OpenID Support

That makes absolutely no sense - it's *because* you're using OAuth that OpenID support should be easy.

Whatever, thanks for the answer, I'll keep looking.

Stephen, it does make sense. OpenID is used to authenticate on site A using credentials stored on site B. OAuth lets you authorize access to site A using credentials stored on site B. The two standards have many overlapping use cases.

In any case, implementing OpenID is non-trivial as it require significant changes to our auth system, login flow, and usernames. As Ariel said, we are involved in both the OAuth and OpenID communities and we're actively participating in discussions re: a proposed merger of the standards. Until some consensus/stability is reached on the scope/overlap of the two standards we won't be implementing OpenID. If things change in the future we may re-assess the situation.

!mmalone:

Authentication and Authorization are two discrete activities as you know. There's nothing barres you to use existing usernames (and let them be changed by user anyitme) while using OpenID for authorization.

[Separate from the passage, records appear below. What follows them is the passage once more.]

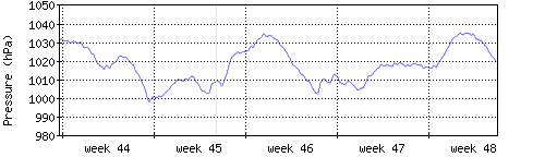 Der blaue Graph zeigt den mittleren Luftdruck, der Bereich zwischen grösstem und kleinstem Druck während des Messintervals ist in hellblau dargestellt. |
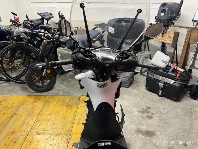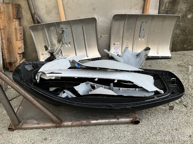 | Schadensbeschreibung | Beschreibung der Schäden: Frontschaden: Front, Rad, Gabeln mit Rahmen komplett gestaucht. Front und Seitenschalen gebrochen. Motor läuft, Rad steht aber an, nur beschränkt rollbar |
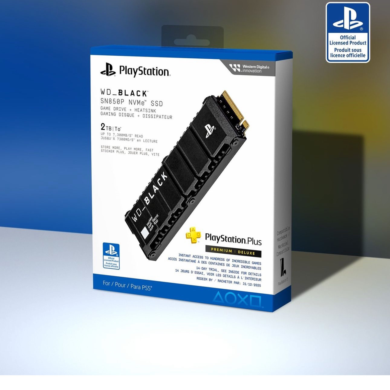 Officially licensed for the PlayStation 5 console, the WD_BLACK SN850P NVMe SSD allows you to store more titles with worry-free installation. Instantly add up to 4TB of storage to hold more of your favorite games and explore the Game Catalog, Classics Catalog, and more with a 14-day PlayStation Plus Premium | Deluxe trial included inside the box. With an optimized heatsink built specifically for the PS5 M.2 slot, you won’t need to worry about compatibility. The WD_BLACK SN850P NVMe SSD for PS5 consoles is certified and tested for PlayStation 5 consoles so you can store more, play more, fast.
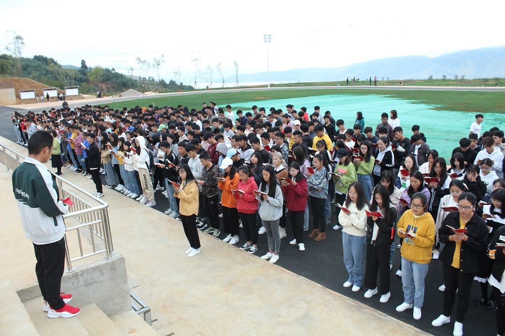 人文日新,从青年起;青年日新,从晨读起。为践行“1958”培养学生教育活动,培养学生勇于担当,善于作为的工匠精神。2019年10月14日7:50,国土澳门十大网投平台排行在足球场开展了第一次晨读。晨读由党总支书记高昆老师带领十大网投19级部分班级读《中国共产党章程》。
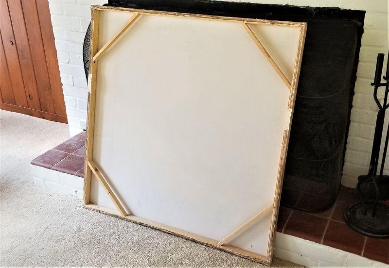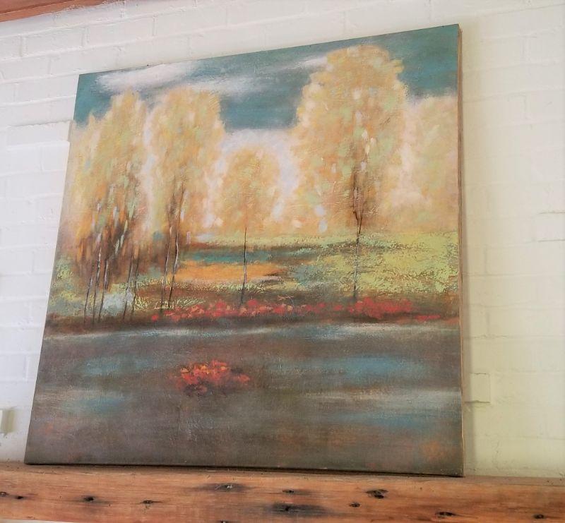 Large unsigned decorator painting on canvas - measures 39.25" across, 40" tall. Attractive piece with muted colors.
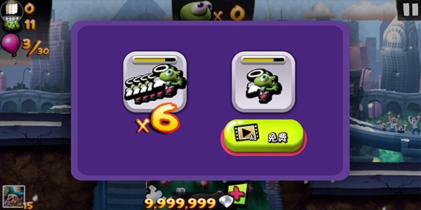 在僵尸尖叫中,玩家不需要控制僵尸的左右移动,玩家可以点击屏幕,让僵尸跳起来,当玩家单击一下则僵尸会跳跃起来,当用户长按屏幕,僵尸便会在跳跃到一定高度后,以一种滑行的姿态在空中滑翔一段路程。
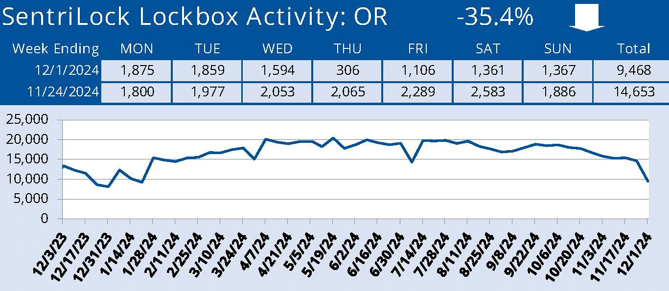 The above report is a snapshot of daily home buyer traffic in Oregon, as covered by RMLS. In Oregon RMLS covers the entire Portland metro and most of the northern half of the state. The majority of the traffic captured in the chart above happens within the greater Portland metro area.
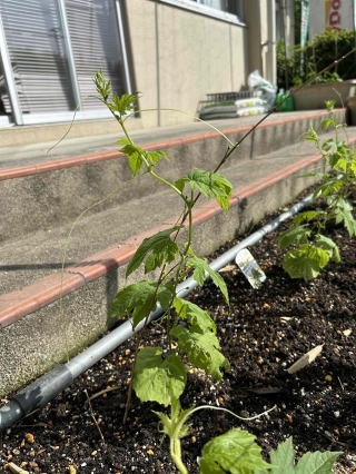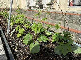 苗を植えて1週間。つるを伸ばして頑張っています。
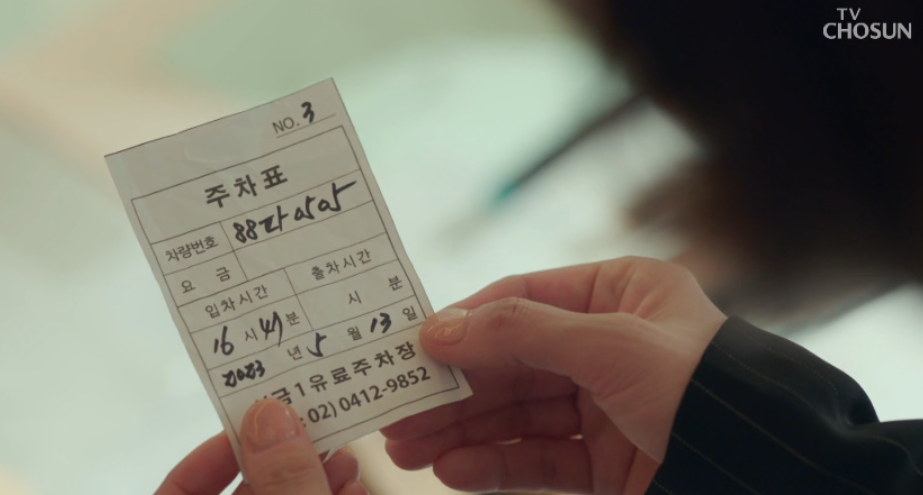 경찰조사가 시작되고 관련기사가 나오자 재원은 회사 성공에 흠집이 생길까봐 경찰수사 중단을 요구 합니다. 그리고는 혼자 조용히 사건에 대해 알아보는 재원은 사무실에서 범인이 흘리고 간듯한 주차표를 발견하고 주차장으로 가서 차를 확인합니다.

OpenID and OAuth doesn't expose a conflict of interest in anyway...
While using OpenID for authorizing access to users for site access, it's perfectly possible to use OAuth for authorizing "on-behalf access" to API.

OAuth establishes a trust channel between the API provider and consumer. There's no point to involve "Identity Provider" after establishment of API trust binding. And there's no requirement in OAuth for API provider being also the Identity Provider... In contrast, OpenID access "requires" contacting OP whenever user claims an ID. So responsibilities are well defined in here.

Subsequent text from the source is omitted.